Thursday, March 20, 2008

Anonymous said...

What an experience.... Lazarus-like, at the end of one's life. So what does one say when waking up after two months?

Readers can see for themselves at http://www.arborwood.com/awforums/show-forum-1.php?fid=8177. Click on "Homalleys."

Anonymous said...

Most interesting. I want to say just a bit about some of my mental wanderings which include Teilhard’s concept of tangential and radial energy and how they may just be somehow related gravity and that mysterious dark energy.
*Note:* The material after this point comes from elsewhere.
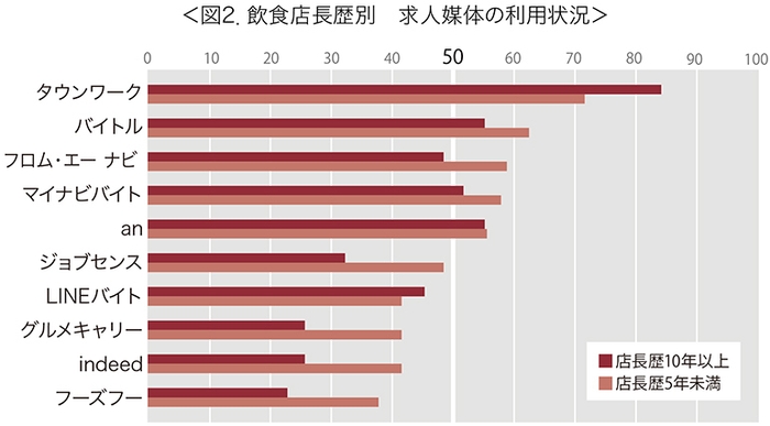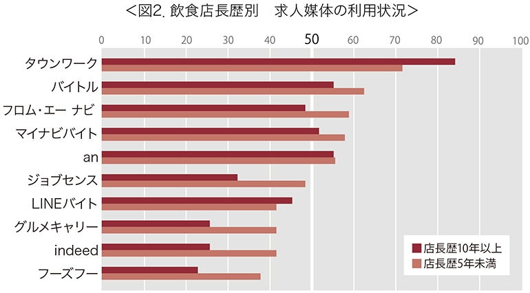 店長の経験年数によって利用する媒体の傾向が違うことも分かりました(図2.飲食店店長歴別 求人媒体の利用状況)。経験10年以上の店長は、タウンワークの利用度が断トツ。2~5位にメジャー媒体が並び、6位以下はLINEバイトを除いて総じて利用度が低いという傾向。一方で経験5年未満の店長は、6位以下の新興媒体利用が高く、特に8位以下のグルメキャリー、indeed、フーズフーはほぼ経験5年未満の店長のみが反応しているという結果になっています。

Gravity keeping us bound in like a skin around the earth and the dark energy force pulling outward. I am also pondering just how to think about using the term “God Particle” for what they expect to come from the big peashooter in Cern. A bit like the first cars being called “horseless carriages” and the internet being an “information Highway”. They are all so much more. I keep thinking that our existence, at its most fundamental level, is part of an energy field which is not limited to just three dimensions. And isn’t that how the universe is described.